PROMPT: From the line with "- 4月3日:取引先A商事から50万円で受注していた工事が完成した" to the line with "Turn your massage", output every line below exactly, both ends included. Skip the pictures.

PROVIDED DATA:

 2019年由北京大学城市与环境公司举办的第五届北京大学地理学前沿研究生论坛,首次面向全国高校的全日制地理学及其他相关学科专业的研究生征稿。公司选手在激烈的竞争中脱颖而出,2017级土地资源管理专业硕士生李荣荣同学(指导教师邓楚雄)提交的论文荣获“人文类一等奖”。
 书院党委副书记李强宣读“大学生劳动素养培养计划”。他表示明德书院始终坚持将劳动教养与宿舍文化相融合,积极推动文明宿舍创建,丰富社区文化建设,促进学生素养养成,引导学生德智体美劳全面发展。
...
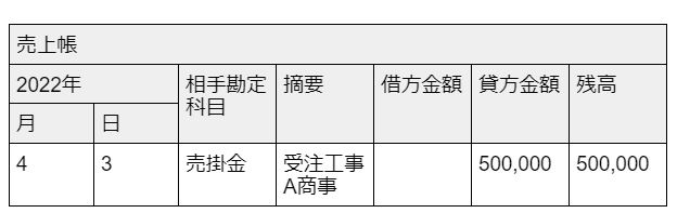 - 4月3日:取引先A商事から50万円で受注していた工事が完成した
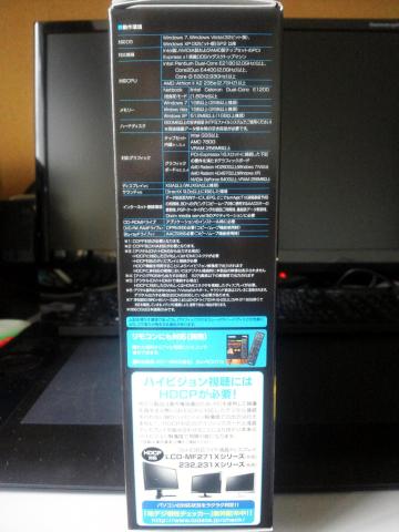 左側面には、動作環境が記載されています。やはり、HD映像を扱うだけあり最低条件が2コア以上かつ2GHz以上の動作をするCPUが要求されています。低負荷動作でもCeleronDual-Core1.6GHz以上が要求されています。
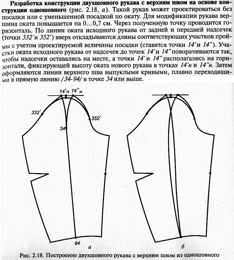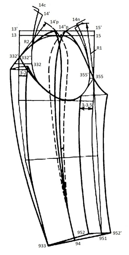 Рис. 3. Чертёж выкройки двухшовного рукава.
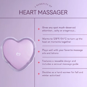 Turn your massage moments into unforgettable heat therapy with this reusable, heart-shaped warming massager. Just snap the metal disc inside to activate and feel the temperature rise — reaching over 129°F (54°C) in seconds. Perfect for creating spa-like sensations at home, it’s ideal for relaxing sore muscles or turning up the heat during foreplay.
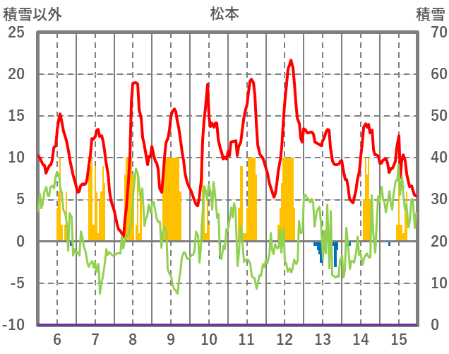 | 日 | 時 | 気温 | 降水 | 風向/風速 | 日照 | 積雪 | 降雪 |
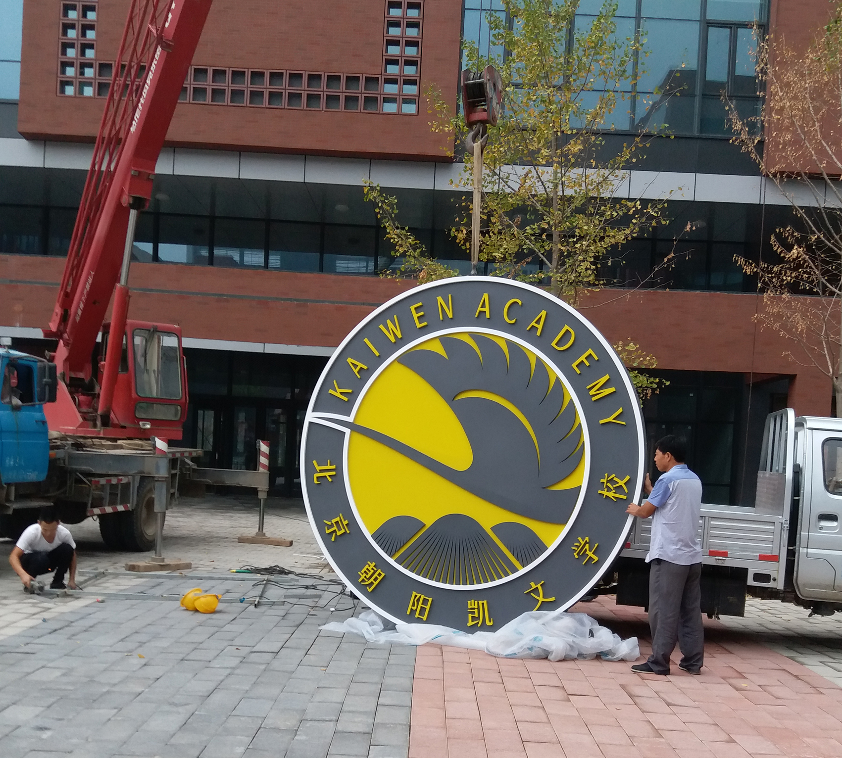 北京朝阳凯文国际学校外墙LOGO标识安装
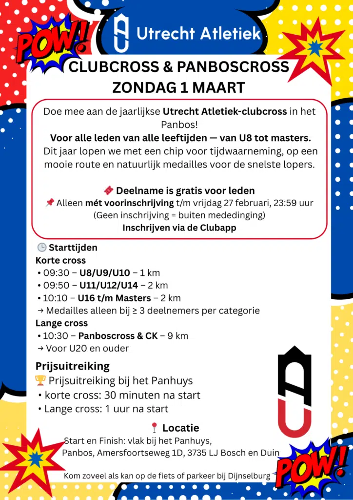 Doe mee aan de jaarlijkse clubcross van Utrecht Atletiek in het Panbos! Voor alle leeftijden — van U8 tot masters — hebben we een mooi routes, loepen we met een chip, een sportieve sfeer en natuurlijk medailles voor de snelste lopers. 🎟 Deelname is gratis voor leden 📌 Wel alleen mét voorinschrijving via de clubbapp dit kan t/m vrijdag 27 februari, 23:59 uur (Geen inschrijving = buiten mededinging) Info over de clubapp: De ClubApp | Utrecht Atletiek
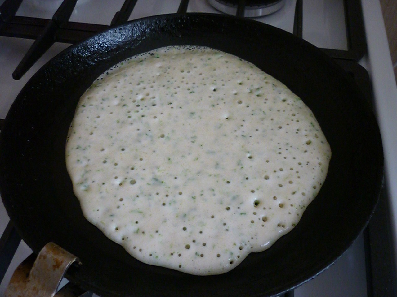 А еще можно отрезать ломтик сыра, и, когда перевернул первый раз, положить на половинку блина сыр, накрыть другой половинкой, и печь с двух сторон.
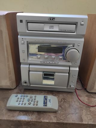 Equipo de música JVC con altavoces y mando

ANSWER BOX:
 - 4月3日:取引先A商事から50万円で受注していた工事が完成した
 左側面には、動作環境が記載されています。やはり、HD映像を扱うだけあり最低条件が2コア以上かつ2GHz以上の動作をするCPUが要求されています。低負荷動作でもCeleronDual-Core1.6GHz以上が要求されています。
 Рис. 3. Чертёж выкройки двухшовного рукава.
 Turn your massage moments into unforgettable heat therapy with this reusable, heart-shaped warming massager. Just snap the metal disc inside to activate and feel the temperature rise — reaching over 129°F (54°C) in seconds. Perfect for creating spa-like sensations at home, it’s ideal for relaxing sore muscles or turning up the heat during foreplay.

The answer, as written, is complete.